Sujet : Re: Cost of handling misaligned access
De : mitchalsup (at) *nospam* aol.com (MitchAlsup1)
Groupes : comp.archDate : 02. Feb 2025, 19:55:01
Autres entêtes
Organisation : Rocksolid Light
Message-ID : <1adf8aa36637c78f79fb711dca7a0572@www.novabbs.org>
References : 1
User-Agent : Rocksolid Light
On Sun, 2 Feb 2025 16:45:19 +0000, EricP wrote:
https://old.chipsandcheese.com/2025/01/26/inside-sifives-p550-microarchitecture/
>
[about half way down]
>
"Before accessing cache, load addresses have to be checked against
older stores (and vice versa) to ensure proper ordering. If there is a
dependency, P550 can only do fast store forwarding if the load and store
addresses match exactly and both accesses are naturally aligned.
Any unaligned access, dependent or not, confuses P550 for hundreds of
cycles. Worse, the unaligned loads and stores don’t proceed in parallel.

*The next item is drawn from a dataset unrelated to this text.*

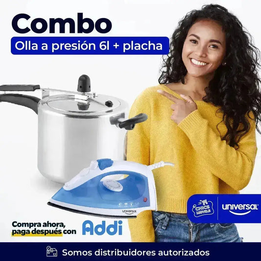 Combo UNIVERSAL Olla Presión 6 Litros + Plancha A Vapor🍲🏠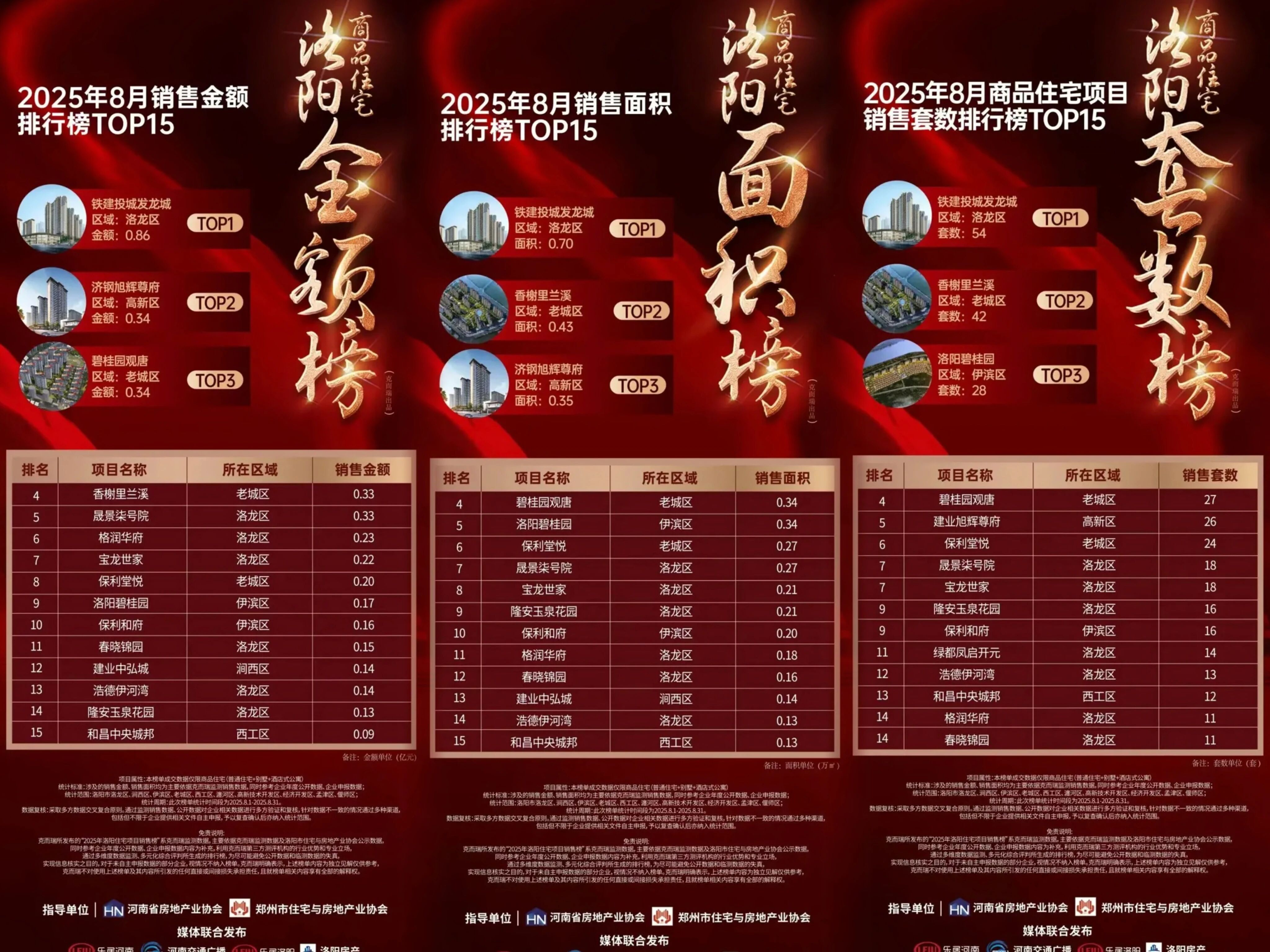 近日,克爾瑞河南區域洛陽市2025年8月商品住宅銷售榜單正式發布。鐵建投城發·龍城項目憑借卓越的產品力和市場認可度,一舉包攬銷售金額、銷售面積、銷售套數三大榜單榜首,成就“三冠王”佳績,展現出強勁的市場競爭力和品牌影響力。

An unaligned load takes 1062 cycles, an unaligned store takes
741 cycles, and the two together take over 1800 cycles.
>
This terrible unaligned access behavior is atypical even for low power
cores. Arm’s Cortex A75 only takes 15 cycles in the worst case of
dependent accesses that are both misaligned.
>
Digging deeper with performance counters reveals executing each
unaligned
load instruction results in ~505 executed instructions. P550 almost
certainly doesn’t have hardware support for unaligned accesses.
Rather, it’s likely raising a fault and letting an operating system
handler emulate it in software."
1800 cycles divided by 505 instructions is 3.6 cycles per instruction
or 0.277 instructions per cycle--compared to an extra cycle or two
when HW does it all by itself.